Para nadie es noticia que alrededor de las industrias petrolera y eléctrica nacionales, giran miles de proveedores nacionales y extranjeros tanto de bienes como de servicios. Más aún, me atrevería a decir que el grueso de las adquisiciones públicas está en Pemex y en CFE.
Por tanto, en caso de que se apruebe la reforma como está planteada, los contratistas privados no podrían acceder a la explotación de los recursos petroleros y a la generación de producción de energía eléctrica bajo el supuesto de utilidades compartidas. Por esta razón, el Estado únicamente se limitaría a cobrar ‘las utilidades’ que deje esa supuesta participación de los privados.
El punto es que nos enfrentaremos a un serio y muy delicado problema: que las empresas constructoras y prestadores de servicio nacionales –muchas de las cuales subsisten por los contratos de las paraestatales– quedarán en su gran mayoría fuera de los campos de contratación, debido a que las empresas extranjeras tendrán la posibilidad de ocupar su tecnología y mano de obra casi por completo con este tipo de contratos.

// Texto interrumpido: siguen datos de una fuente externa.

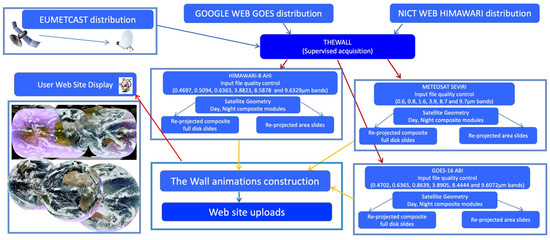 “The Wall” flowchart. “The Wall” system is divided in three levels. The first level is devoted to the data acquisition from the three geostationary satellites (EUMETCAST distribution, Google Cloud Platform, and the NICT Science Cloud [10,11]). The second level computes the RGB true natural color composites. The third one creates all the animated global mosaics and subsets.

Los miles de empleos prometidos para los mexicanos, por supuesto que no se generarán. Las obras y los servicios de las empresas mexicanas se verán relegados a posiciones insignificantes; los obreros quedarán al margen del crecimiento laboral; los ingresos de las empresas extranjeras beneficiadas con la reforma pagarán en todo caso sus impuestos en sus países de origen, derivado de los tratados de coordinación fiscal internacional, y las cantidades que se entreguen al Estado mexicano serán únicamente aquellas que resulten de los excedentes.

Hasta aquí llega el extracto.